**YOUR ASSIGNMENT:** The expected output is the line with "J41型国标不锈钢法兰截止阀" plus all lines after it to the end of the material below, reproduced exactly, with pictures omitted and nothing else included.

**INFORMATION PROVIDED:**

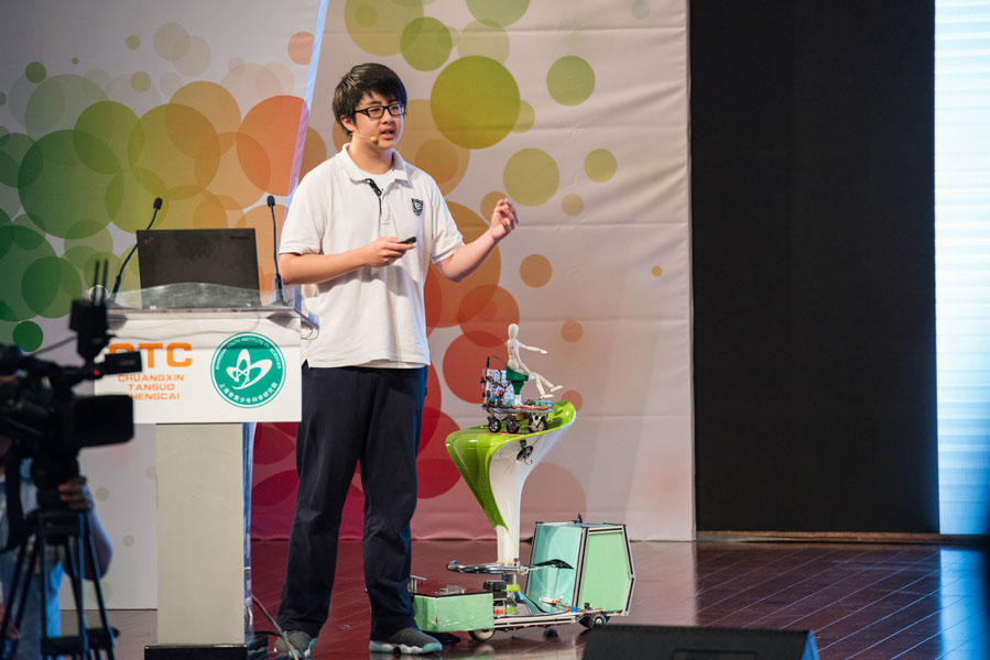 在主论坛——青少年科技创新论坛上,创新项目及科技创新社团的学生代表,向大家展示了他们源自于生活中问题的科技创新作品和科学研究成果,并与专家顾问们一起进行交流研讨,共话创新。来自华东师范大学第二附属中学附属初级中学的吴亭欧同学关注社会老龄化问题,研究并展示了他的创新成果《基于老年人生活数据采集的智能居家养老监护与快速报警系统》;上海西南位育中学高兴同学酷爱动手制作,他为大家展示了独特的《双模式控制的电动工作椅》。来自上海交通大学的杨皓天、蔡文怿同学为大家带来上海交通大学MDH创客空间的精彩介绍及他们的创新创业之路。市青少年科学研究院的顾问们给予了他们精心的指导和热情的鼓励。
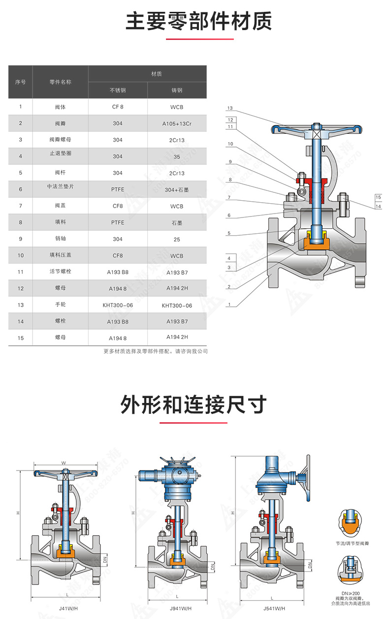 J41型国标不锈钢法兰截止阀, 为半岛官方网站自主研发生产。本产品设计制造标准符合GB/T12235-89标准其启闭件是圆柱形的阀瓣,密封面呈平面或锥面,阀瓣沿流体的中心线作直线运动。国标截止阀只适用于全开和全关,一般不用来调节流量,定做时允许作调节和节流。
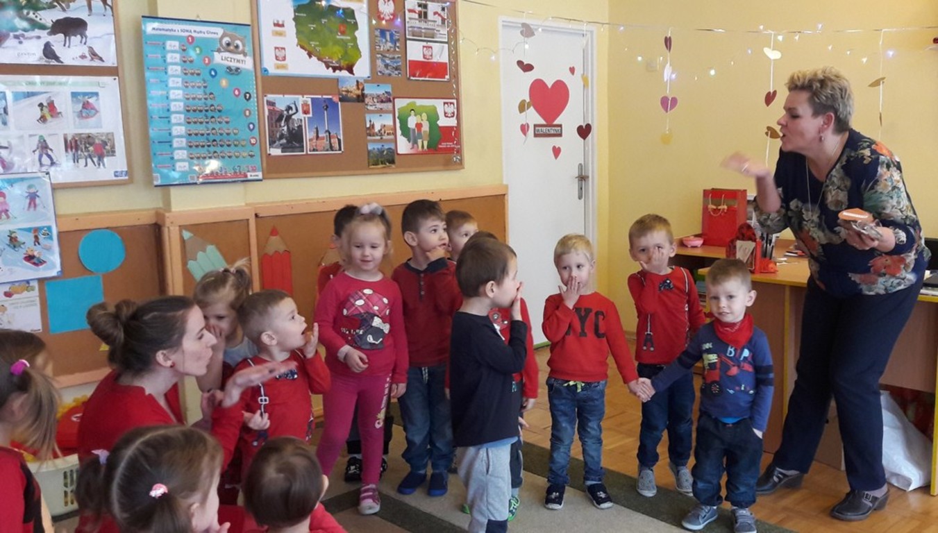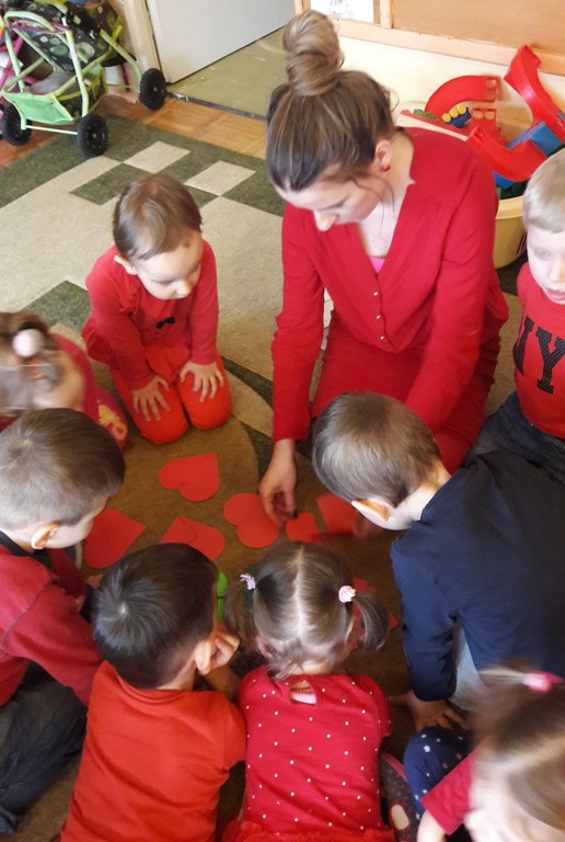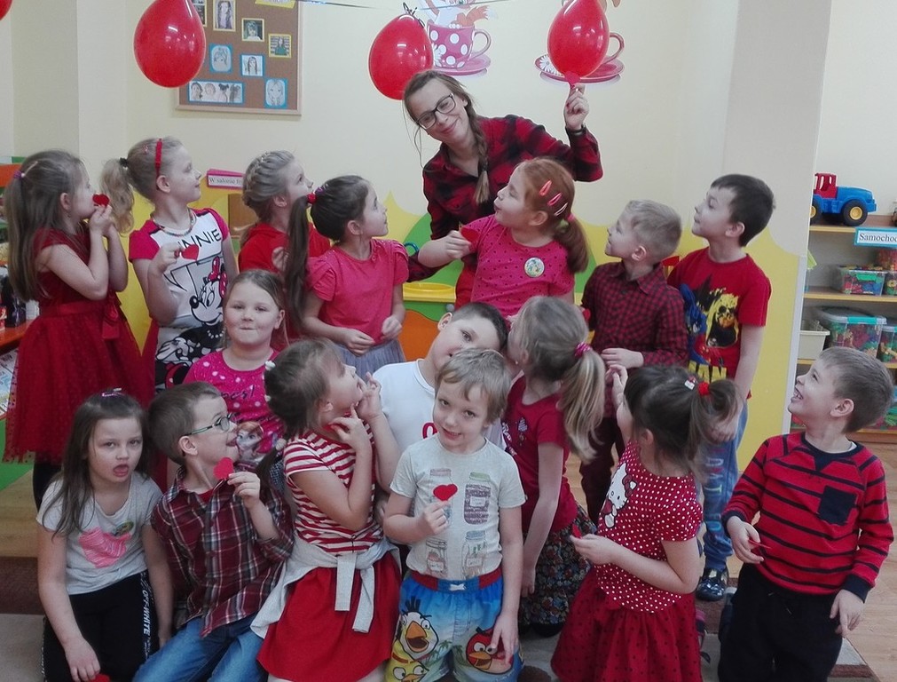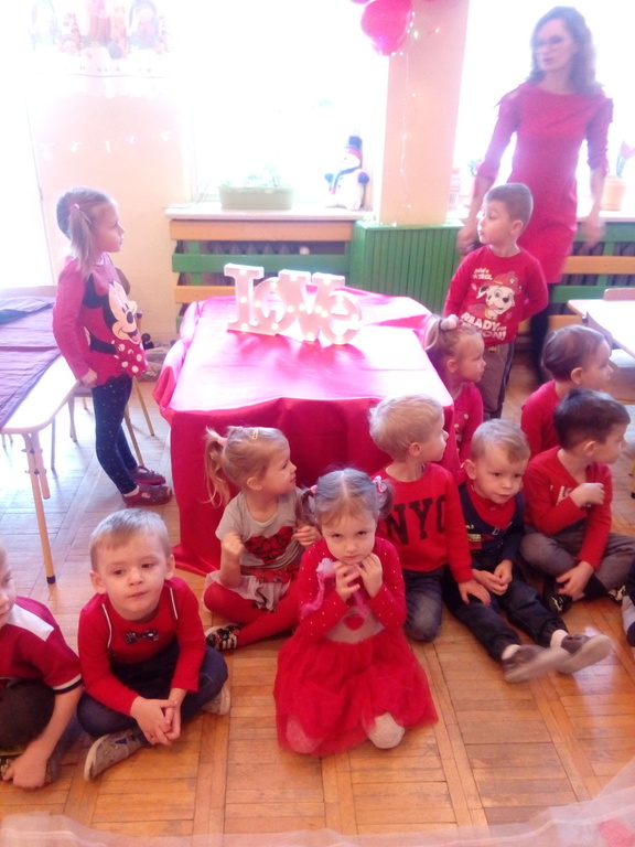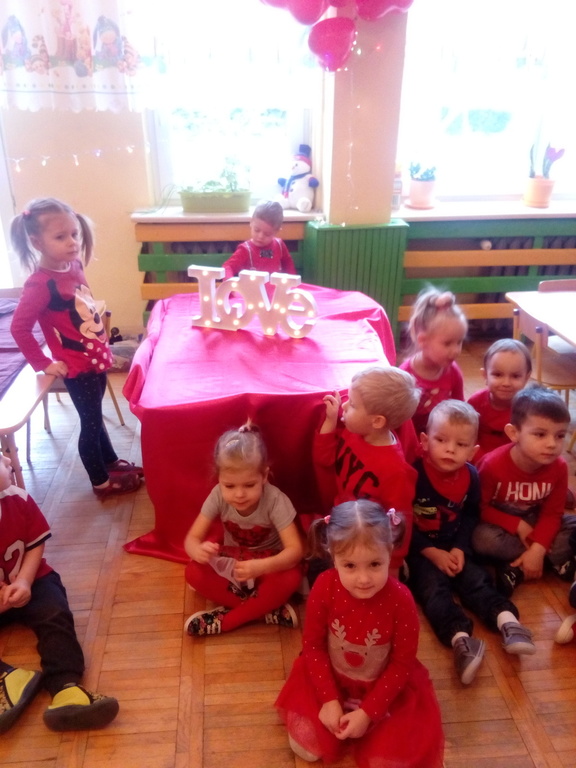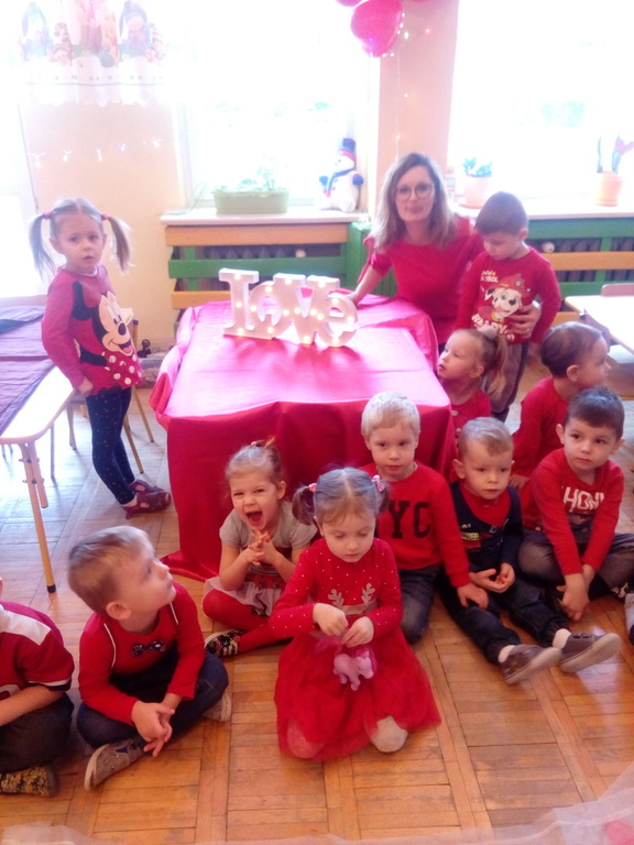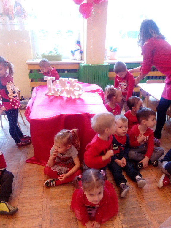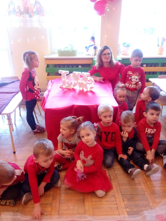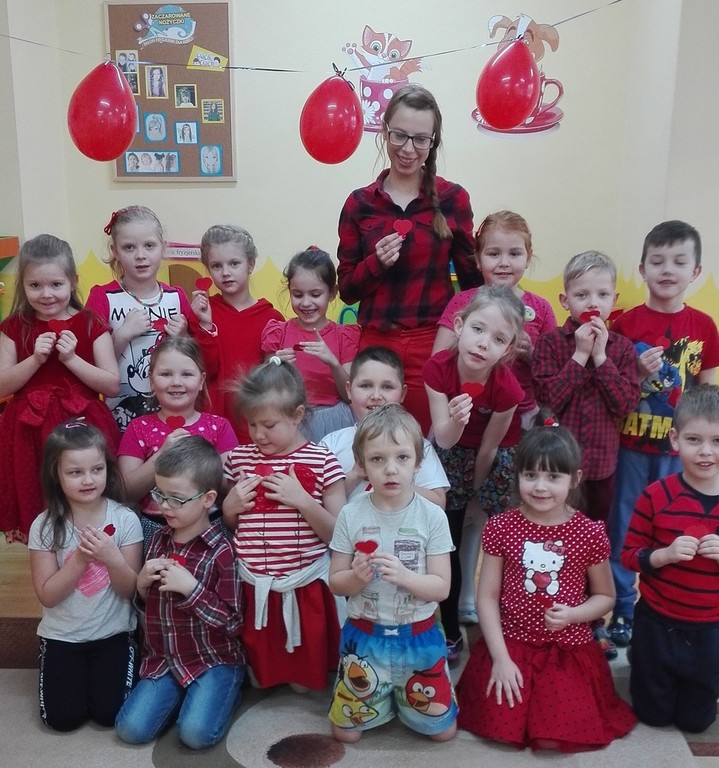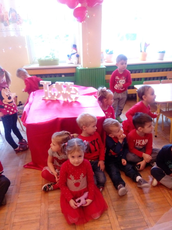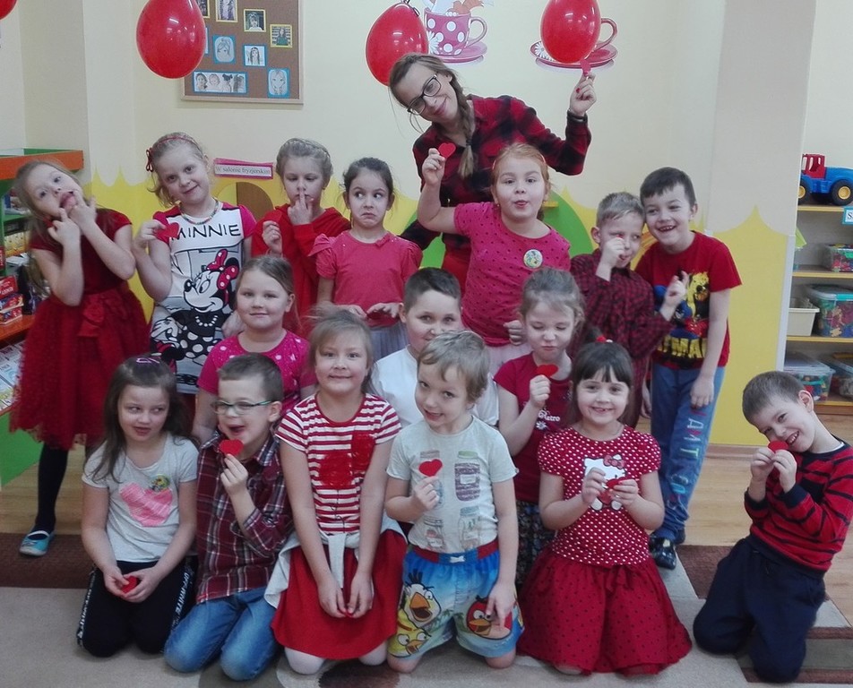 14 lutego 2018 roku był dla dzieci z naszego przedszkola prawdziwym, czerwonym dniem miłości i przyjaźni. W ubiorze dzieci i Pań dominował kolor czerwony co bardziej podkreśliło charakter tego dnia. Przedszkolaki brały udział w różnych zabawach związanych z walentynkami: szukały drugiej połówki serca, rozwiązywały zagadki dotyczące bohaterów bajek, bawiły się serduszkowymi balonami, tańczyły przy serduszkowych piosenkach. Nie zabrakło oczywiście sercowych kolorowanek, spontanicznych emocji oraz pozytywnych uczuć.

**EXERCISE ANSWER:**
 J41型国标不锈钢法兰截止阀, 为半岛官方网站自主研发生产。本产品设计制造标准符合GB/T12235-89标准其启闭件是圆柱形的阀瓣,密封面呈平面或锥面,阀瓣沿流体的中心线作直线运动。国标截止阀只适用于全开和全关,一般不用来调节流量,定做时允许作调节和节流。
 14 lutego 2018 roku był dla dzieci z naszego przedszkola prawdziwym, czerwonym dniem miłości i przyjaźni. W ubiorze dzieci i Pań dominował kolor czerwony co bardziej podkreśliło charakter tego dnia. Przedszkolaki brały udział w różnych zabawach związanych z walentynkami: szukały drugiej połówki serca, rozwiązywały zagadki dotyczące bohaterów bajek, bawiły się serduszkowymi balonami, tańczyły przy serduszkowych piosenkach. Nie zabrakło oczywiście sercowych kolorowanek, spontanicznych emocji oraz pozytywnych uczuć.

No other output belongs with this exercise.